Information provided by: Chaparral Animal Hospital

18432 North Cave Creek Road

Phoenix, Arizona 85032

602-992-4700     Fax: 602-992-1154





1.  Recommended Worming Schedule
A.  Plan 1 - Strongid C (a continuous dewormer) added to the feed daily with Ivermectin* given spring & fall.
B.  Plan 2 - Worm adult horses in low density populations every three months using Ivermectin* three times and Strongid       paste once in the winter.  For horses less than two years old or in a high density population, worm every eight weeks       using a similar rotation.
C.  Begin worming foals at eight weeks of age and continue with Plan 1 or 2 above.
D.  Pregnant mares may be wormed safely but always check the product label to be sure it's safe.

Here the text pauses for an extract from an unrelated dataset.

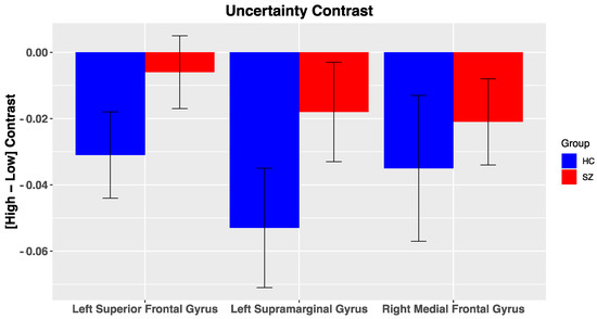 DMN Nodes. Across all participants, multiple ROIs within the DMN were reliably deactivated for the uncertainty contrast, including the left supramarginal gyrus (Figure 5; t(50) = −2.9, p = 0.005, right medial frontal gyrus (t(50) = −2.2, p = 0.03), and left superior frontal gyrus (t(50) = −2.05, p = 0.046). No other significant effects were noted within the DMN for the other salience contrasts (i.e., PE valence, PE magnitude, likely reward omission). Furthermore, we did not observe significant differences in BOLD activation of DMN nodes to our various salience contrasts between groups, potentially due to high variability in BOLD activation. In the reduced sample, group differences for DMN nodes were in a similar direction but did not reach significance (Supplementary Materials, Figure S4).

2.  Recommended Vaccination Schedule

A.  Eastern & Western Encephalitis (sleeping sickness) and Tetanus once yearly in the spring.  Pregnant mares should be       vaccinated six weeks prior to their due date.
B.  Influenza twice yearly, spring and fall.  We currently recommend the intranasal vaccine.  Pregnant mares should be       vaccinated six weeks prior to their due date with the injectable product.
C.  Rhinopneumonitis - all horses should get the respiratory vaccine twice yearly in the spring and fall, while pregnant       mares should receive the abortion vaccine at five, seven and nine months of gestation.
D.  Strangles (Distemper or Strep.) vaccine once annually, usually in fall or when the disease is in your neighborhood. We       are currently using the intranasal vaccine.  Pregnant mares should be vaccinated six weeks prior to their due date with       the injectable product; however, these may not be approved in the pregnant horse.
E.  Rabies - an annual booster is optional for stabled horses and is recommended for horses exposed to wildlife, especially       in areas outside Maricopa County.
F.  Potomac Horse Fever - given yearly in the spring for horses traveling to areas where it is common (Midwest & Eastern       U.S.)


2.  Possible side effects of worming and/or vaccinations:

A.  Loss of appetite, soft feces, fever, lethargy, colic, soreness or swelling at the injection site, and nasal discharge when       the intranasal products are used.
B.  If these symptoms persist for more than 24 hours or are severe in nature, call the Veterinarian.
C.  There should be no exercise or riding for 24 hours after worming or vaccinations.


* Ivermectin is available as a drench wormer administered by Chaparral Animal Hospital and is the active ingredient in the    paste wormers Zimectrin, Equalan and Rotectin 1.